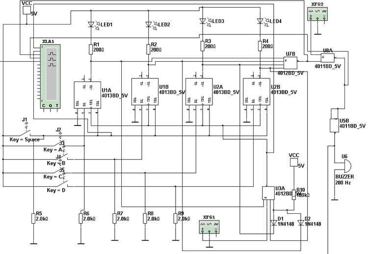 在此設計中,采用XFG1產生5KHZ的振蕩信號通過U3A作為U1A、U1B、U2AU2B(4013BD)的時鐘信號,使4013BD具備上升沿觸發脈沖,利用按鍵被按下,得到高電平加到D觸發器的D端,使得D觸發器翻轉,將其 輸出的低電平作為控制信號,控制U3A的打開與關閉,從而控制D觸發器的時鐘脈沖有無,達到控制D觸發器的打開與鎖死狀態,實現“搶答”的目的。
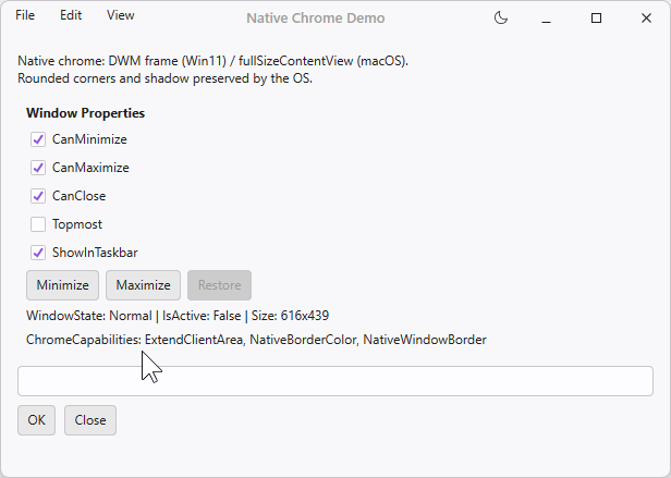 네이티브 크롬을 활용한 커스텀 타이틀 바 — 클라이언트 영역을 타이틀 바로 확장하면서 OS 기능(둥근 모서리, 시스템 버튼) 유지 (#81)
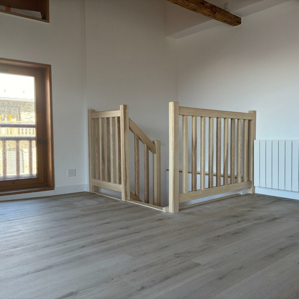 Dans cet appartement en duplex, HUMATEC a mené une rénovation complète visant à améliorer les usages et le confort au quotidien. L’intervention s’est concentrée sur la reprise des éléments structurants, notamment avec la réalisation d’un nouvel escalier en frêne massif, pour remplacer l’existant trop raide et peu sécurisé.

*Assigned task*: Pictures are to be left out; otherwise, copy exactly each line from the one containing "네이티브 크롬을 활용한" through the last line of the listing.

*Written answer*:
 네이티브 크롬을 활용한 커스텀 타이틀 바 — 클라이언트 영역을 타이틀 바로 확장하면서 OS 기능(둥근 모서리, 시스템 버튼) 유지 (#81)
 Dans cet appartement en duplex, HUMATEC a mené une rénovation complète visant à améliorer les usages et le confort au quotidien. L’intervention s’est concentrée sur la reprise des éléments structurants, notamment avec la réalisation d’un nouvel escalier en frêne massif, pour remplacer l’existant trop raide et peu sécurisé.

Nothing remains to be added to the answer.